John Fund explains for National Review Online readers the positive political and economic contributions of former Singapore Prime Minister Lee Kuan Yew, who died recently at age 91.

By embracing free trade, capital formation, vigorous meritocratic education, low taxes, and a reliable judicial system, Lee raised the per capita income of his country from $500 a year to some $52,000 a year today. That’s 50 percent higher than that of Britain, the colonial power that ruled Singapore for 150 years. Its average annual growth rate has averaged 7 percent since the 1970s. “A 2010 study showed more patents and patent applications from the small city-state of Singapore (population 5.6 million) than from Russia (population 140 million),” noted economist Thomas Sowell observes.

But that wealth wasn’t used to create a traditional welfare state.
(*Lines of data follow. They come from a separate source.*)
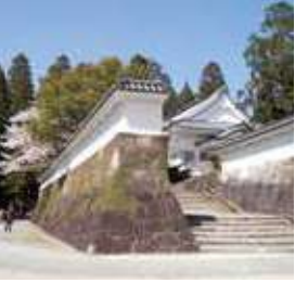
日本百名城 飢肥城～九州の小京都～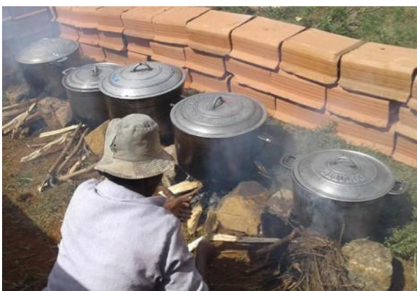
Bereiding van de dagelijkse maaltijd

Een overzicht van de totale kosten van de maaltijden is gegeven in Tabel Kantine-2, gebaseerd op een analyse van de dagelijkse inkoop van ingrediënten, gespecificeerd in de maandaftrekkingen.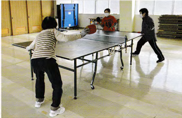
毎週練習は欠かせません。

ピンポン台中古ですがいただきました。来年は、絶対大会を開催します。腕に覚えのある方は、是非参加を!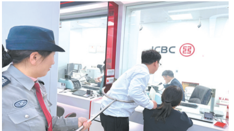
工行中站支行班后组织开展防抢演练，增强员工安全意识与应急处置能力。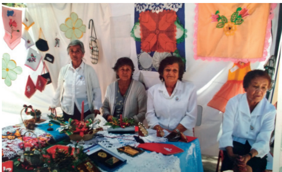
Junto a sus amigas de los centros de adultos mayores.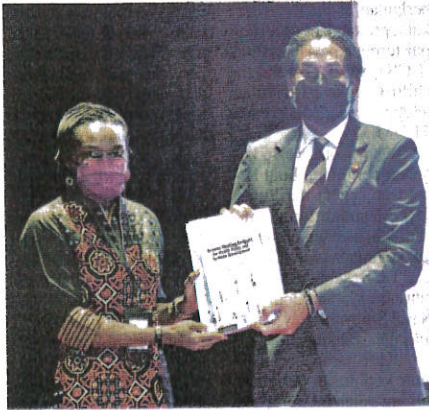
Khairy (kanan) melancarkan buku Systems Thinking Analyses for Health Systems Policy and Systems Development: A Malaysian Case Study di Pusat Konvensyen Kuala Lumpur pada Isnin.

AKHBAR : SINAR HARIAN MUKA SURAT : 10 RUANGAN : VAKSIN UNTUK RAKYAT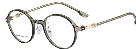
C18 Green 绿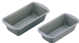
68-08 ベイクウェア ラウンド型

内寸 (mm) 高さ (mm) 底寸 (mm) 入数 165×60×35 160×53 500000430 1 130×55×45 120×45 500000440 2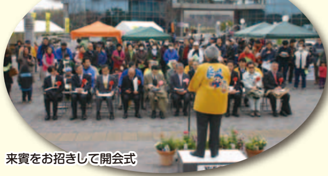
来賓をお招きして開会式

大府市と東浦町では、健康・医療・福祉・介護施設が集積しているあいち健康の森とその周辺地区をウェルネスバレーと称し、この地区において健康長寿の一大拠点の形成を目指す「ウェルネスバレー構想」を掲げています。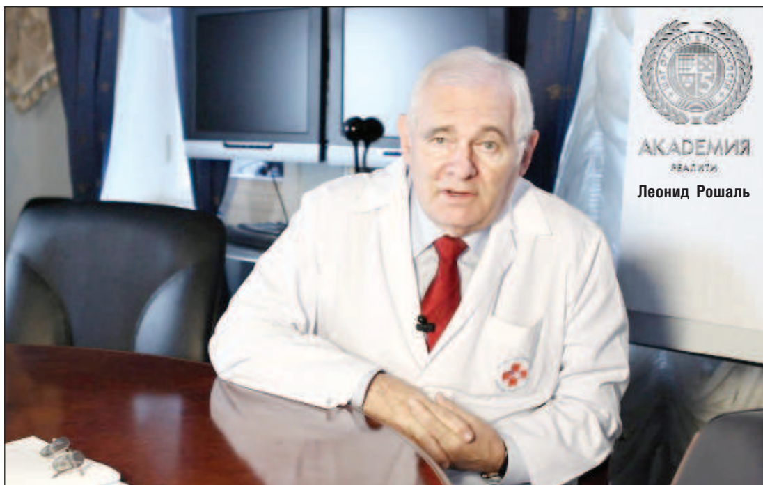
АКАДЕМИЯ РЕАКТИВНОЙ МЕДИЦИНЫ ЛЕОНИД РОШАЛЬ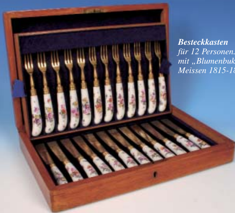
Besteckkasten für 12 Personen. Pistolengriffe mit „Blumenbukettmalerei“. Meissen 1815-1860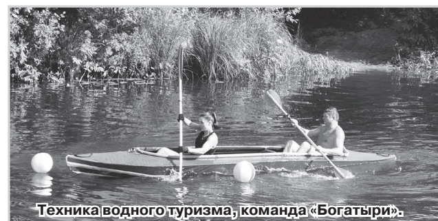
Техника водного туризма, команда «Богатыри».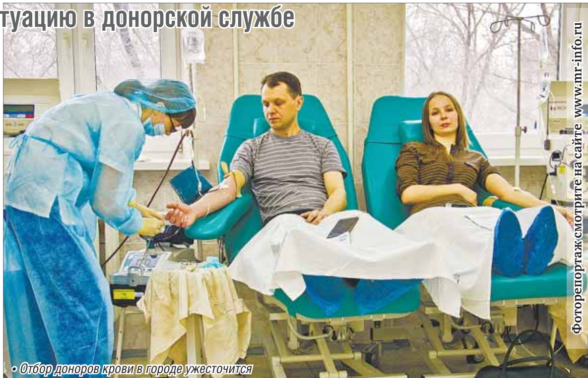
• Отбор доноров крови в городе ужесточится

Новый закон обострил критическую ситуацию, которая сложилась в последнее время, считает он. Количество доноров уменьшается с каждым годом. Сокращение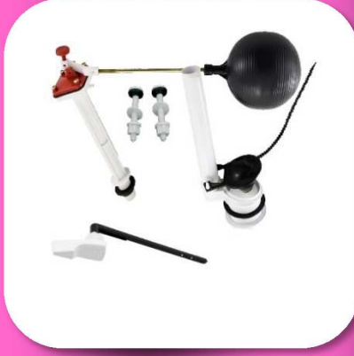
02-031 JUEGO DE HERRAJE CLASICO PARA W.C. 2" *BULTO 30 PIEZAS $89.30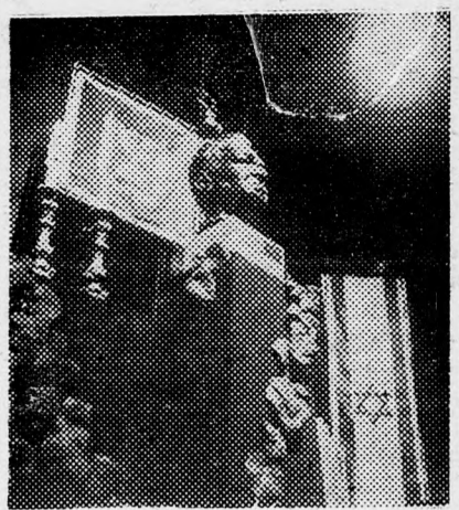
BEN CVI SZOBRA

Tegnap a délelőtti órákban az államelnöki házban gyászünnepi ünnepséget tartottak, délután 4 órakor pedig a Hár Hámencot-i temetőben a sírnál tartották az ázárát. Megjelent az államelnök, a miniszterelnök, a kormány tagjai, a család és számos közéleti személyiség.

Economist Mark Skousen notes that Singapore is rated along with Hong Kong as one of the two most free economies in the world. Any expansion of government is gradual and grudging. In 2013, when Singapore broadened its medical-benefits program, the local Straits Times newspaper made clear the government’s philosophy: “The first [priority] is to keep government subsidies targeted at those who most need them, rather than commit to benefits for all. Universal benefits are ‘wasteful and inequitable,’ and hard to take away once given, [finance minister Tharman Shanmugaratnam] said.”

That mindset is embodied in Singapore’s philosophy of welfare, which rests on four pillars:

Each generation should pay its own way.

Each family should pay its own way.

Each individual should pay his own way.

Only after passing through these three filters should anyone turn to the government for help. But it will be there when needed.